Кровать мы застелили уже, но мои перчатки и сумка брошенные валялись там; трудно было не заметить, что я здесь ночевала. Палка Йожи, синтетический его плащ с капюшоном висели на вешалке: на полочке над умывальником остались его кисточка для бритья и мыльная палочка. Я сидела в цветастом халате, который дала мне Гизика; сама она уже успела надеть черное платье и как раз гладила передник и наколку, когда пришел Дюрица. Пои он ощупывал мою ногу, с галереи в комнату вбежала большая трехцветная кошка, любимица Гизики, и стала тереться о брюки Дюрицы, оставляя на них клочья линяющей шерсти. Гизика так тщательно мыла таз после Дюрицы, словно заразы боялась.
Я собиралась сначала ночевать на Острове [11] . Вечером дома никого не было, Юли ушла ко всенощной. Я написала ей записку, что еду в Гранд-отель, взяла вещи и вызвала такси. Доехала, до летнего кинотеатра, отпустила машину. Из Гранд-отеля доносилась музыка, я уже хотела было войти, но тут как раз начали поднимать синие парусиновые навесы над столами: солнце село. Служитель крутил какую-то рукоятку, и синяя парусина медленно, нехотя съеживалась – по мере того, как складывался металлический каркас, на который натянута была ткань. На мгновение я увидела на парусине заплату – помнишь, ее на наших глазах посадил обивщик – и даже ощутила запах той бури, и передо мной возникла стеклянная стена ресторана, из-за которой мы смотрели на плеск дождя и хлесткие молнии.
Я повернулась и отправилась обратно в город. Поднялась по лестнице к своей квартире – и тут увидела Гизику: аккуратно расправив на коленях платье, она сидела на верхней ступеньке и ждала. У нее был свободный день, и она пришла позвать меня на ночь к себе. Мы не разговаривали, не объясняли ничего друг другу. Дом, где она живет, – один из тех безобразных многоквартирных домов, каких много в столице; окна квартир выходят на висячие галереи; квартира Гизики 39-я, но есть там и 60-й номер, возле лестницы на чердак. На галерее почти возле каждой двери висела на крюке птичья клетка, внизу, во дворе, визжали дети, из окон несло запахами обеда; дверь общей уборной распахнута была настежь.

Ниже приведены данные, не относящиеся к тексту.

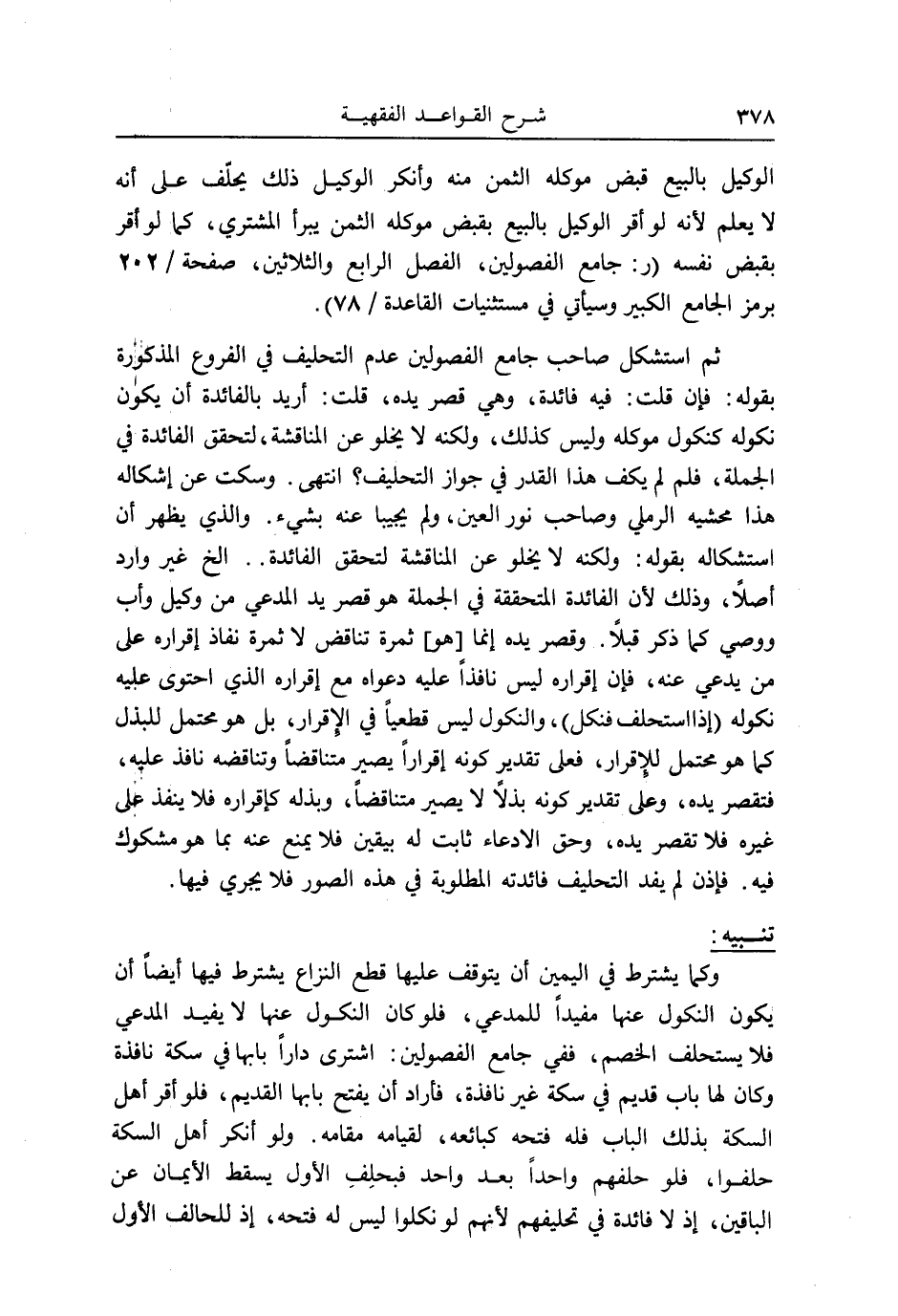 ثمَّ اسْتشْكل صَاحب جَامع الْفُصُولَيْنِ عدم التَّحْلِيف فِي الْفُرُوع الْمَذْكُورَة بقوله: فَإِن قلت فِيهِ فَائِدَة، وَهِي قصر يَده، قلت: أُرِيد بالفائدة أَن يكون نُكُوله كنكول مُوكله وَلَيْسَ كَذَلِك، وَلكنه لَا يَخْلُو عَن المناقشة، لتحَقّق الْفَائِدَة فِي الْجُمْلَة، فَلم لم يكف هَذَا الْقدر فِي جَوَاز التَّحْلِيف؟ انْتهى. وَسكت عَن إشكاله هَذَا محشيه الرَّمْلِيّ وَصَاحب نور الْعين، وَلم يجيبا عَنهُ بِشَيْء. وَالَّذِي يظْهر أَن استشكاله بقوله: وَلكنه لَا يَخْلُو عَن المناقشة لتحَقّق الْفَائِدَة ... الخ غير وَارِد أصلا، وَذَلِكَ لِأَن الْفَائِدَة المتحققة فِي الْجُمْلَة هُوَ قصر يَد الْمُدَّعِي من وَكيل وَأب ووصي كَمَا ذكر قبلا. وَقصر يَده إِنَّمَا [هُوَ] ثَمَرَة تنَاقض لَا ثَمَرَة نَفاذ إِقْرَاره على من يَدعِي عَنهُ، فَإِن إِقْرَاره لَيْسَ نَافِذا عَلَيْهِ دَعْوَاهُ مَعَ إِقْرَاره الَّذِي احتوى عَلَيْهِ نُكُوله (إِذا اسْتحْلف فنكل) ، والنكول لَيْسَ قَطْعِيا فِي الْإِقْرَار، بل هُوَ مُحْتَمل للبذل كَمَا هُوَ مُحْتَمل للإقرار، فعلى تَقْدِير كَونه إِقْرَارا يصير متناقضاً وتناقضه نَافِذ عَلَيْهِ، فتقصر يَده، وعَلى تَقْدِير كَونه بذلاً لَا يصير متناقضاً، وبذله كإقراره فَلَا ينفذ على غَيره فَلَا تقصر يَده، وَحقّ الادعاء ثَابت لَهُ بِيَقِين فَلَا يمْنَع عَنهُ بِمَا هُوَ مَشْكُوك فِيهِ. فَإِذن لم يفد التَّحْلِيف فَائِدَته الْمَطْلُوبَة فِي هَذِه الصُّور فَلَا يجْرِي فِيهَا.
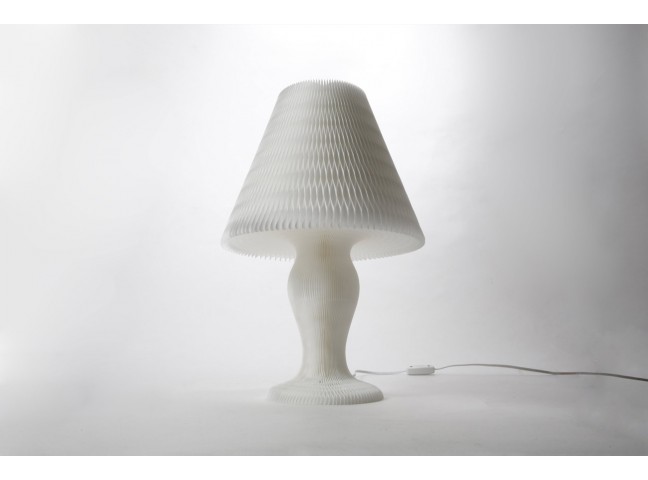 Made of Denguri paper, a local product of the Shikoku region of Japan, and held together by clips (provided), this delicate design opens like a book into a honeycomb pattern that surrounds the light source. Simple and delicate, yet stable and above all, gorgeous.
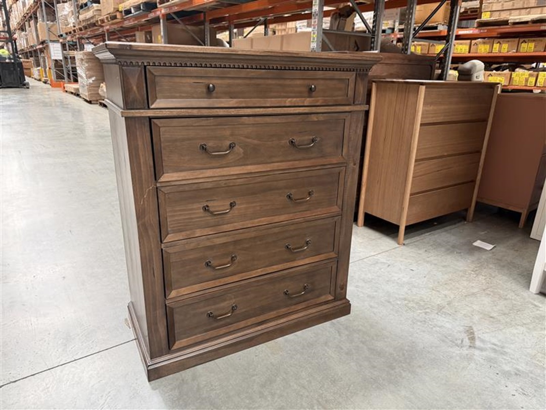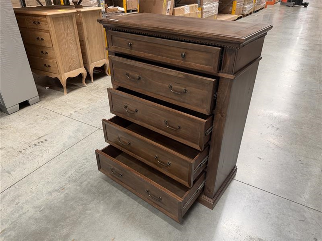 Crafted from rich chocolate-finished timber, this tallboy offers five spacious drawers for all your storage needs. The timeless design and sturdy build add warmth and elegance to your bedroom.
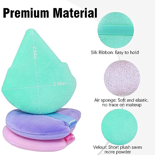 ShopClub Powder Puff 6PCs Soft Triangle Makeup Puffs, Soft & Reusable Velvet Makeup Sponge Puffs with Strap, Latex-Free Makeup Puffs for Loose & Cosmetic Foundation , Wet Dry Use Face Make Up Puffs Va
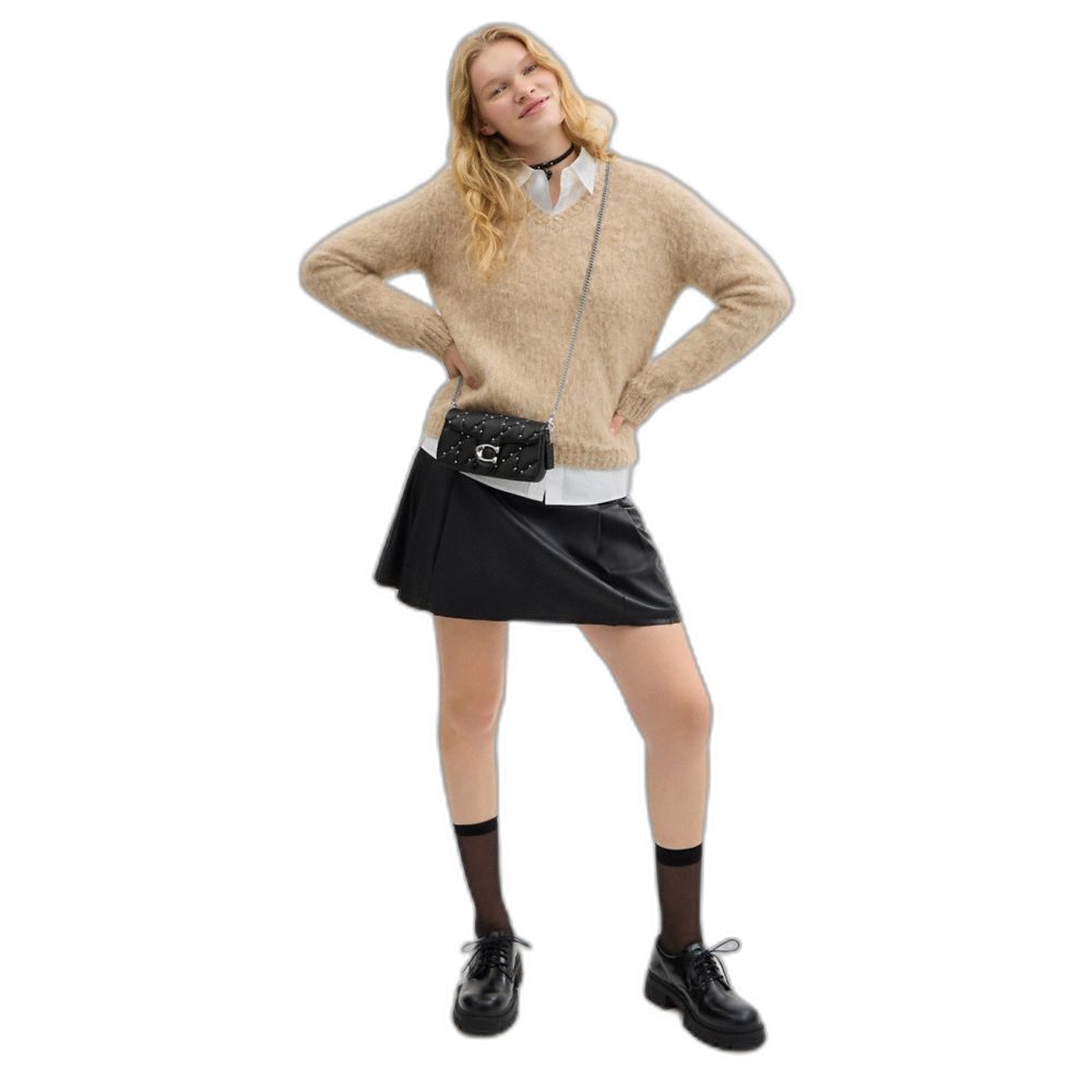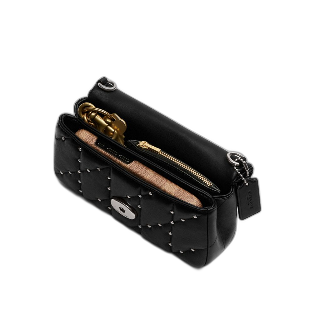 Coach Women's Tabby Crossbody Wristlet With Pillow Quilting And Crystal Rivets Silver/Black

Входя к Гизике, я споткнулась о мусорное ведро, и через полчаса нога в щиколотке распухла. Я поужинала в постели; Гизика испекла оладьи со сметаной. В комнате было две кровати, Гизика постелила только одну, в ней мы и спали с ней; над нами висел свадебный портрет Юсти – совсем юная невеста с потупленным взором, в руке крохотный миртовый букетик. Не знаю, куда Гизика отослала Йожи; спрашивать мне не хотелось.
Ночью мы не спали почти: у меня болела нога, Гизика и дело вскакивала поменять компресс. Утром она побежала в продовольственный магазин – позвонить врачу; дальше ты знаешь. Когда Дюрица ушел, она вызвала такси, доехала со мной до площади – «Лебедь» там всего в сотне метров, – а я поехала сюда. У ворот сидели цветочницы, они стали было предлагать мне цветы, но потом оставили в покое. Я купила в киоске дюжину шпилек: опять растеряла свои шпильки. Хотела было войти в ворота – и тут увидела цветущие ветви, свисающие из-за ограды, и не вошла. Вчера я не заметила их или не разглядела как следует и лишь теперь увидела, что это текома, сверху донизу осыпанная кроваво-красными продолговатыми граммофончиками.
Ты знаешь вообще-то, что это за растение, текома?
Отец бы сказал и латинское его название; я тоже когда-то его знала, – потом, может, вспомню. Если бы тебе привелось побывать на Мощеной улице, ты бы знал, что это за растение, какие у него кривые, упрямые, цепкие ветки-стволы; а цветы – будто маленькие горны. Когда я в первый раз пришла к Ангеле, она стояла у изгороди, держась одной рукой за решетку, высматривала, иду ли я наконец, а в губах держала красный раструб цветка текомы.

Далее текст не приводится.